During the first step, the relative mtDNA copy number and HGB copy number were determined for each sample from standard curves. We then determined the ratio of mtDNA to HGB copy number, which was proportional to the mtDNA copy number in each cell. Each PCR in a total volume of 14 μl contained 1× SYBR Green Mastermix (Applied Biosystems; Foster City, CA), 215nM ND1-F (or HGB-1) primer, 215nM ND1-R (or HGB-2) primer and 5ng of genomic DNA. The thermal cycling conditions for the mtDNA ND1 gene amplification were 95°C for 10 min, followed by 40 cycles of 15 s at 95°C and 1min at 60°C. The thermal cycling conditions for the HGB amplification were 95°C for 10 min, followed by 40 cycles of 15 s at 95°C and 1min at 56°C. All samples were assayed in duplicates in a 384 well plate with an Applied Biosystems 7900 Sequence Detection System. The PCRs for mtDNA and HGB were always performed on separate 384 well plates with the same samples in the same well positions to avoid possible position effect. A standard curve of a diluted reference DNA, one negative control and one calibrator DNA were included in each run. Each plate contained randomly selected samples to have equal representation of cases and controls. The ratio for each sample was normalized to a calibrator DNA to standardize different runs. The calibrator DNA was a genomic DNA sample from a healthy control subject that was used to compare the results from different independent assays. For each standard curve, one reference DNA sample was serially diluted 1:2 to produce a seven-point standard curve between 0.3125 and 20ng of DNA. The R 2 for each standard curve was 0.99 or greater. Standard deviations for the cycle of threshold values were accepted at 0.25 or less. Otherwise, the sample was repeated. To assess intra-assay variation, we assayed nine blood DNA samples from healthy control subjects three times on the same days. To evaluate interassay variation, we evaluated the same blood DNA samples from nine control subjects on different days.
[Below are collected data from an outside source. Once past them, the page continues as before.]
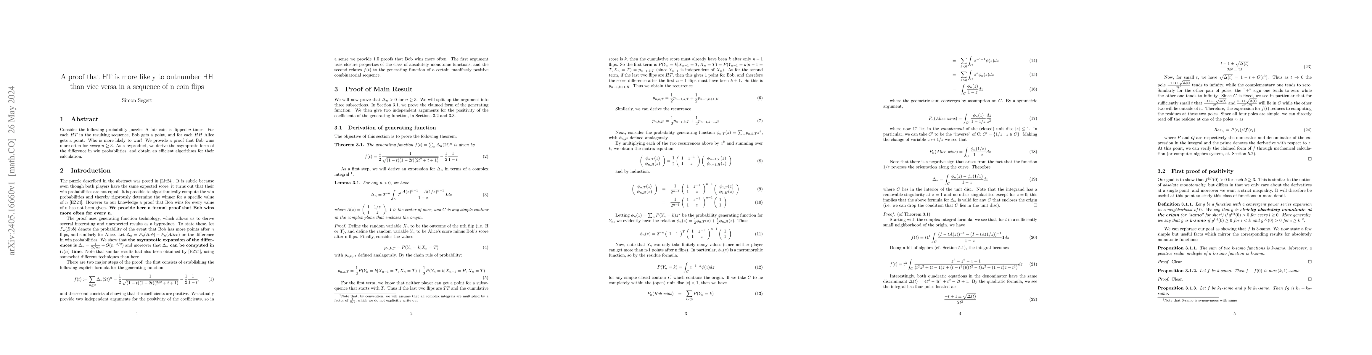 Summary: The paper proves that, for a fair coin flipped n times (n>=3), Bob, who scores for each HT sequence, is more likely to outscore Alice, who scores for each HH sequence. Additionally, it derives the asymptotic difference in their win probabilities and presents an efficient algorithm to compute these probabilities.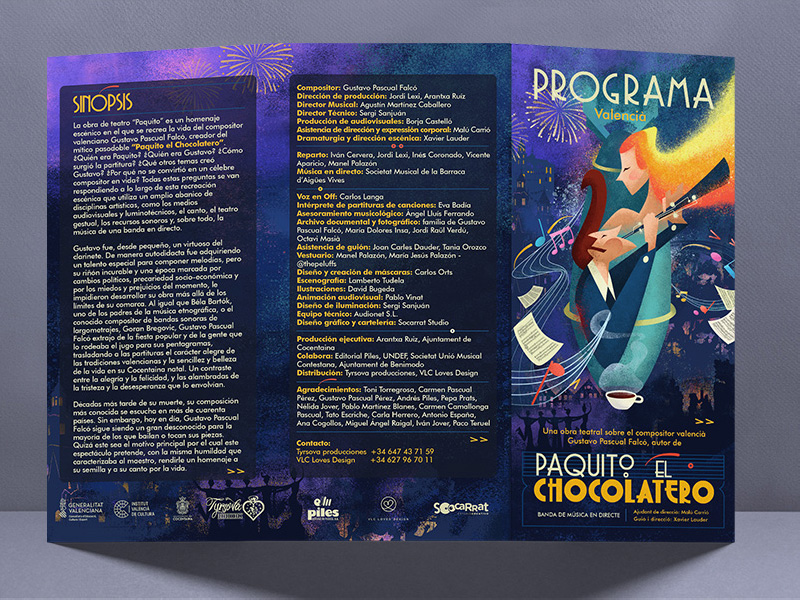 Socarrat Studio diseñó el cartel del evento y las pequeñas tarjetas que muestran el programa del espectáculo, con información sobre el sinopsis, dirección de producción, música y reparto, etc.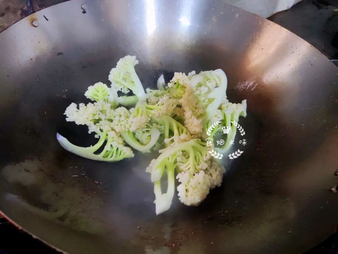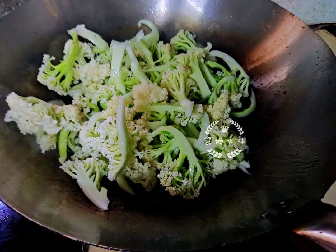 3.花菜倒入锅中后,铲子翻动一下。因为花菜中水分丰富,所以煮的过程中不用另外加水了,加水煮后的花菜,口感变淡了。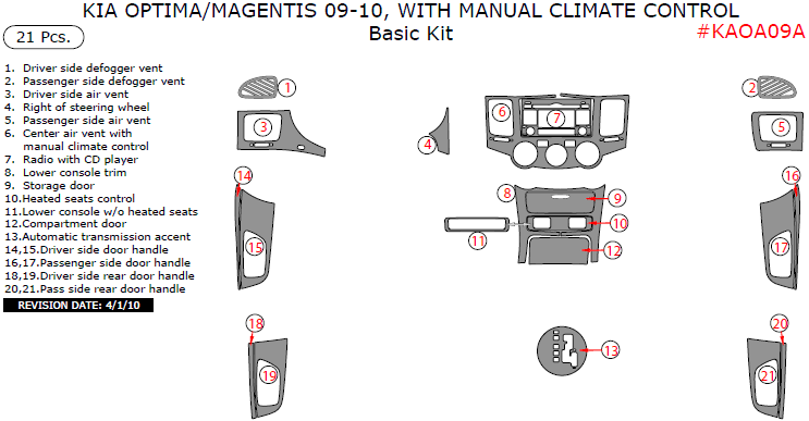 Kia Magentis/Optima 2009-2010, With Manual Climate Control, Basic Interior Kit, 21 Pcs.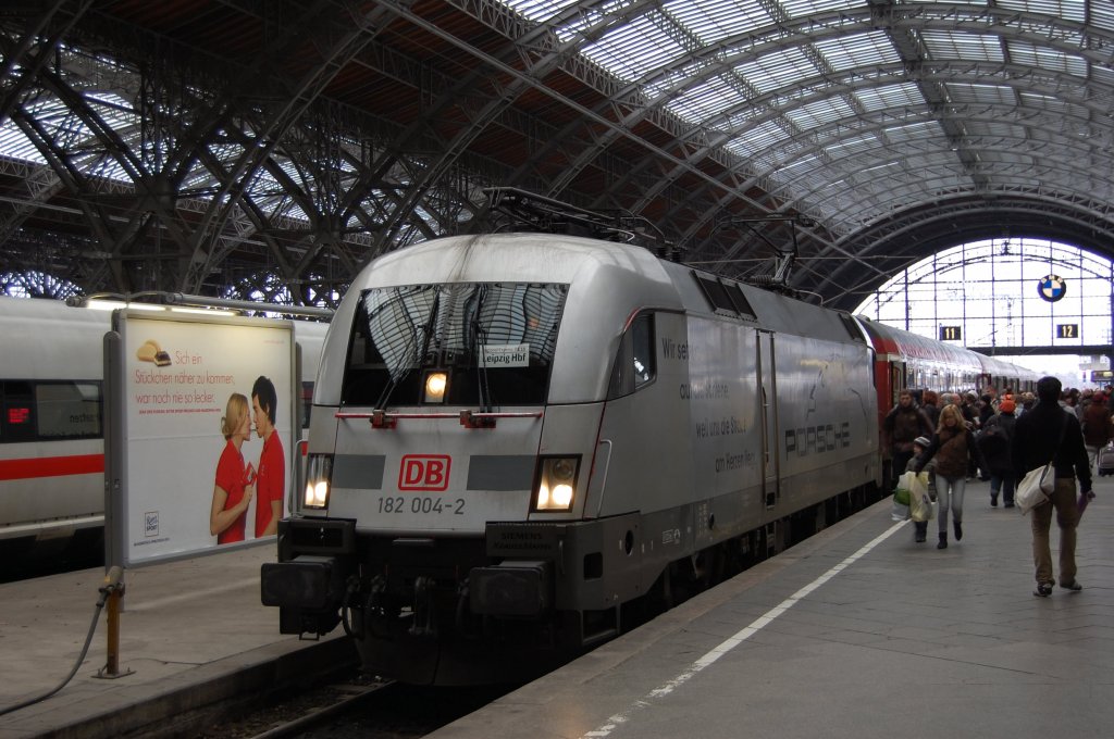 182 004 am 13.03.2010 mit einem RegionalExpress in Leipzig

The average intra-assay and interassay coefficient of variance was 4.5 and 5.5%, respectively (8). All laboratory personnel performing the experiments described above were blinded to the case–control status of all DNA samples.

Statistical analysis

Statistical analysis was performed using STATA 10.0 software (Stata, College Station, TX). Differences in host characteristics between patients and control subjects were assessed via the chi-square test for categorical variables and Student’s t-test for continuous variables. Multiple logistic regression modeling was used to estimate odds ratios (ORs) and 95% confidence intervals (CIs) for EAC risk. Potential confounders, including age, sex and smoking, were adjusted in the model. The mtDNA copy number was categorized in two and four groups, using the median and quartiles among control subjects as cutoff points.
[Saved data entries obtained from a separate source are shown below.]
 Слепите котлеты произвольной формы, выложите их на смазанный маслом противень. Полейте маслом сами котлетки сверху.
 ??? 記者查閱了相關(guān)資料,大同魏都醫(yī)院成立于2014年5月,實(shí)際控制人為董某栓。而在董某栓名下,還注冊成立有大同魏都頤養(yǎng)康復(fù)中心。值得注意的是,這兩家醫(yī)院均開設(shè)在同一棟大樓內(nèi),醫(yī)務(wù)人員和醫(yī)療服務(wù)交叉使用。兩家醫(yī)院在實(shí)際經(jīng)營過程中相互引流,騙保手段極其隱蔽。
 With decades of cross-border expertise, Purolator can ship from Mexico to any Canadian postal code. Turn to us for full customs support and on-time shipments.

Never smokers were defined as those who had smoked fewer than 100 cigarettes during their lifetimes. Former smokers were defined as those who had smoked >100 cigarettes but had quit >1 year prior to diagnosis (patients) or interview (control subjects). Current smokers were defined as those who were currently smoking or had stopped smoking <1 year prior to diagnosis (patients) or interview (control subjects). Ever smokers included both former and current smokers.

Results

A total of 218 pairs of patients and controls were included in the analysis. The patients and controls were similar in distributions with regard to age, sex and race/ethnicity, as they were frequency matched on these variables. The proportion of ever smokers was significantly lower in controls than in patients; however, there were no statistically significant differences between the cases and controls in terms of pack-years of smoking. The relative mean mtDNA copy number was significantly lower in patients (1.16 ± 0.30) than in controls (1.27 ± 0.43). The median values among cases and controls were 1.13 (range = 0.35–2.27) and 1.22 (range = 0.46–4.24), respectively (Table I).

Table I.

Distribution of selected host characteristics

Variables Cases (n = 218) Controls (n = 218) P
Age, mean (SD) 62.05 (10.32) 60.94 (10.44) 0.265
Sex, n (%)
 Male    173 (79.36)    173 (79.36)
 Female     45 (20.64)     45 (20.64) 1.00
Race, n (%)
 White    194 (88.99)    194 (88.99)
 Hispanic     14 (6.42)     14 (6.42)
 Black       7 (3.21)       7 (3.21)
 Other       3 (1.38)       3 (1.38) 1.00
Smoking, n (%)
 Never     68 (31.19)     96 (44.04)
 Former     96 (44.04)     84 (38.53)
 Current     54 (24.77)     38 (17.43) 0.015
 Ever   150 (68.81)   122 (55.96) 0.006
Pack-year of smokinga (SD) 55.84 (68.01) 59.38 (69.93) 0.673
MtDNA copy number
 Mean (SD)   1.16 (0.30)   1.27 (0.43) 0.002
 Median (range)   1.13 (035–2.27)   1.22 (0.46–4.24) 0.003

aPack-year of smoking was assessed for ever smokers only.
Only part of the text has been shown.